→ **Task**: Copy the lines below exactly, starting at the one with "Yes, deze Sparkles" and ending at the one with "СНГ — курьерскими службами.", and leave out any picture.

→ **Records to use**:
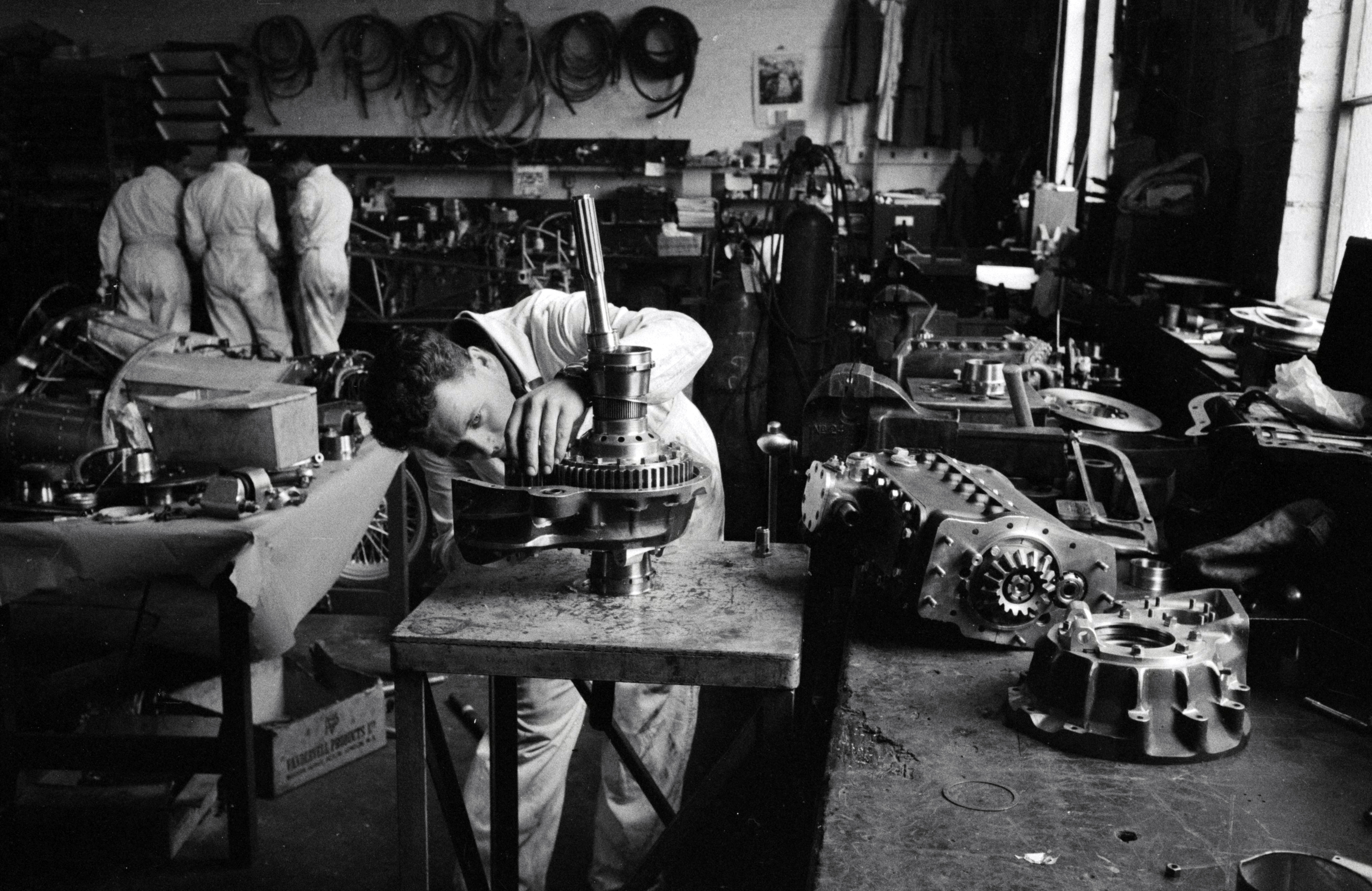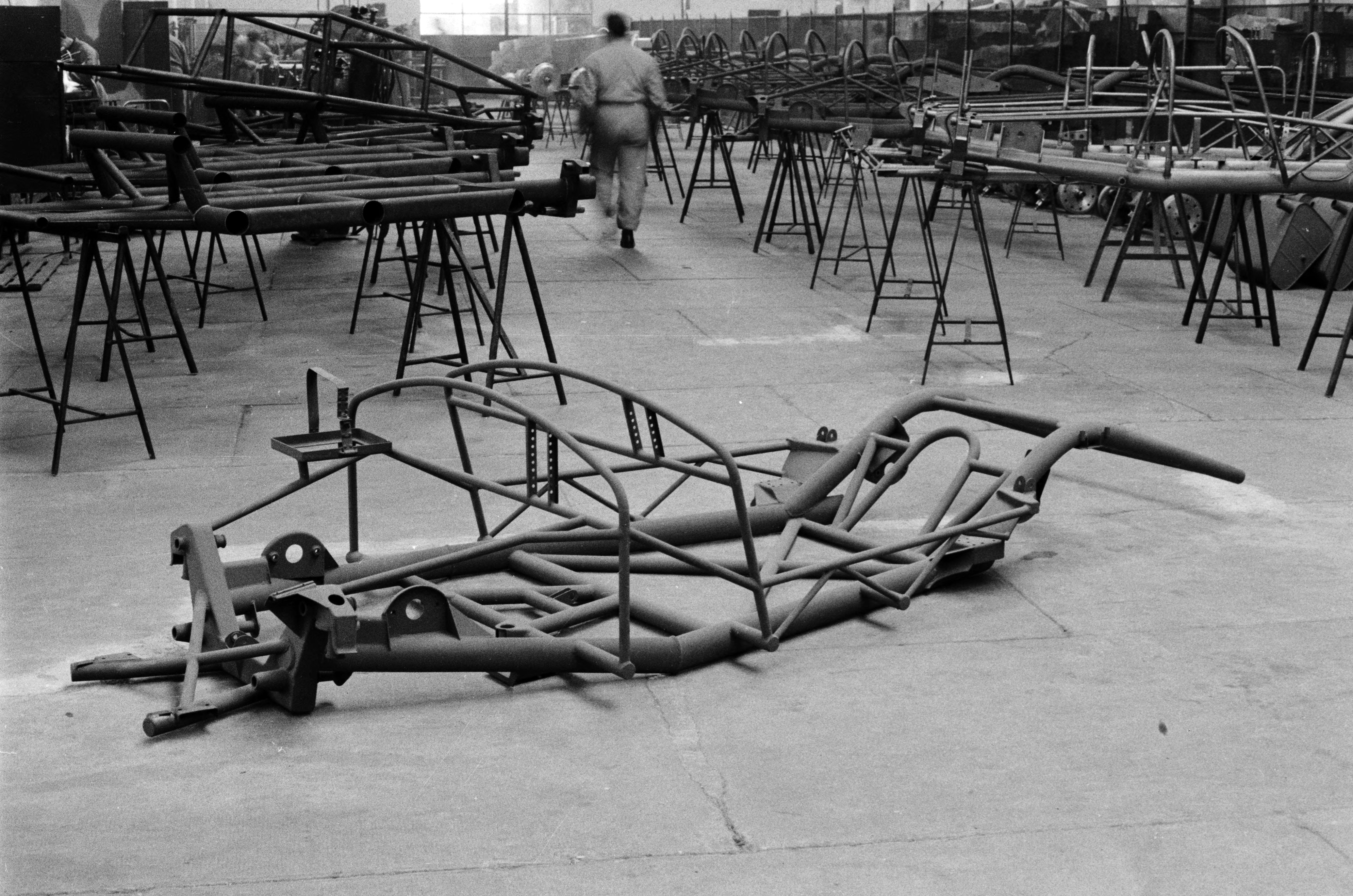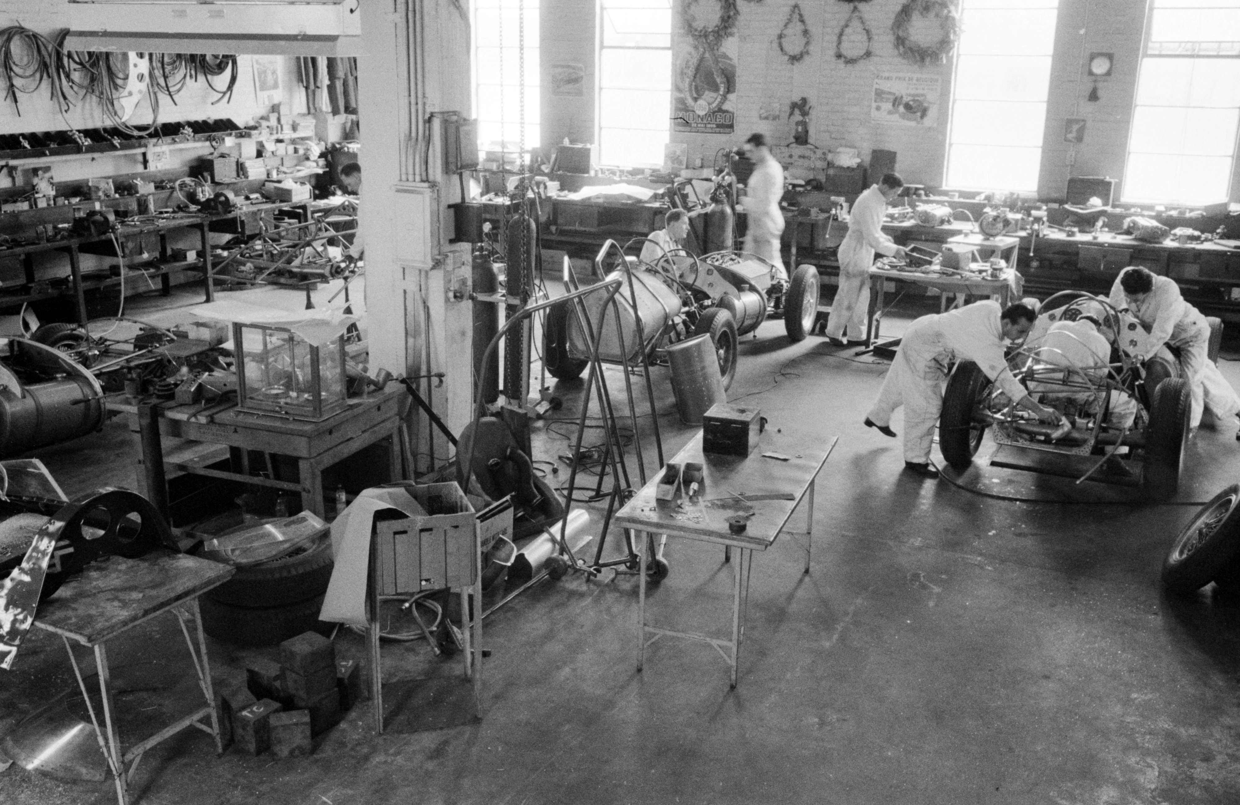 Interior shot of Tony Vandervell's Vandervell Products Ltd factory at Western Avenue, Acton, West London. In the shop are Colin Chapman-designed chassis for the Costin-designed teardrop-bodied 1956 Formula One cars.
* * *
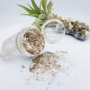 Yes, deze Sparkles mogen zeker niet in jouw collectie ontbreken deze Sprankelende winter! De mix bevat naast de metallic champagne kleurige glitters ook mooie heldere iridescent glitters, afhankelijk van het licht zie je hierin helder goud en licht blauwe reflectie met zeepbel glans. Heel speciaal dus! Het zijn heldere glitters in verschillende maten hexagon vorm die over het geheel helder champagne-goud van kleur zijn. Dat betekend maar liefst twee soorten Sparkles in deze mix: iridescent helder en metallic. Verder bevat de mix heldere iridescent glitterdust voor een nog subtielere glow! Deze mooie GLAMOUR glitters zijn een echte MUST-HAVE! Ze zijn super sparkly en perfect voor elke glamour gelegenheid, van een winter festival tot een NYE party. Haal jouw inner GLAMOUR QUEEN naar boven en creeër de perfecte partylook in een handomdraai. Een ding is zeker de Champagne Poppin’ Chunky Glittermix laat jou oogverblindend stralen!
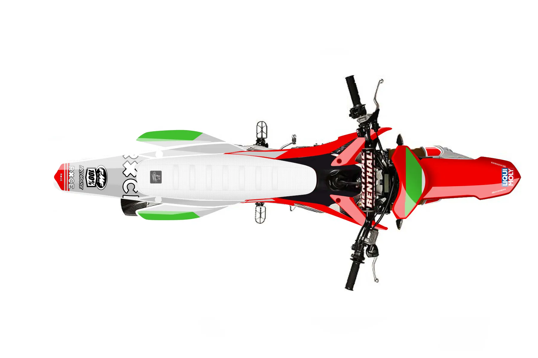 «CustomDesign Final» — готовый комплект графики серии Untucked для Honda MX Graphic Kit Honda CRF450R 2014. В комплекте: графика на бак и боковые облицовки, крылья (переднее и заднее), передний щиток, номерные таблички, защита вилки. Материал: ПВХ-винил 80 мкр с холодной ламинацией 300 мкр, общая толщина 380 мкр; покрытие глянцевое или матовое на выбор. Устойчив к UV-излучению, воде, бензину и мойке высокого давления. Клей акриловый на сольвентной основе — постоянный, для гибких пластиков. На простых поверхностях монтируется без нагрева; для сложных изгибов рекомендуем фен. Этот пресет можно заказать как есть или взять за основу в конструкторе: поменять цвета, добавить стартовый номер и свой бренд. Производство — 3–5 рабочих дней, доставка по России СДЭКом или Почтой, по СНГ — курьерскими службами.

→ **Response for this exercise**:
 Yes, deze Sparkles mogen zeker niet in jouw collectie ontbreken deze Sprankelende winter! De mix bevat naast de metallic champagne kleurige glitters ook mooie heldere iridescent glitters, afhankelijk van het licht zie je hierin helder goud en licht blauwe reflectie met zeepbel glans. Heel speciaal dus! Het zijn heldere glitters in verschillende maten hexagon vorm die over het geheel helder champagne-goud van kleur zijn. Dat betekend maar liefst twee soorten Sparkles in deze mix: iridescent helder en metallic. Verder bevat de mix heldere iridescent glitterdust voor een nog subtielere glow! Deze mooie GLAMOUR glitters zijn een echte MUST-HAVE! Ze zijn super sparkly en perfect voor elke glamour gelegenheid, van een winter festival tot een NYE party. Haal jouw inner GLAMOUR QUEEN naar boven en creeër de perfecte partylook in een handomdraai. Een ding is zeker de Champagne Poppin’ Chunky Glittermix laat jou oogverblindend stralen!
 «CustomDesign Final» — готовый комплект графики серии Untucked для Honda MX Graphic Kit Honda CRF450R 2014. В комплекте: графика на бак и боковые облицовки, крылья (переднее и заднее), передний щиток, номерные таблички, защита вилки. Материал: ПВХ-винил 80 мкр с холодной ламинацией 300 мкр, общая толщина 380 мкр; покрытие глянцевое или матовое на выбор. Устойчив к UV-излучению, воде, бензину и мойке высокого давления. Клей акриловый на сольвентной основе — постоянный, для гибких пластиков. На простых поверхностях монтируется без нагрева; для сложных изгибов рекомендуем фен. Этот пресет можно заказать как есть или взять за основу в конструкторе: поменять цвета, добавить стартовый номер и свой бренд. Производство — 3–5 рабочих дней, доставка по России СДЭКом или Почтой, по СНГ — курьерскими службами.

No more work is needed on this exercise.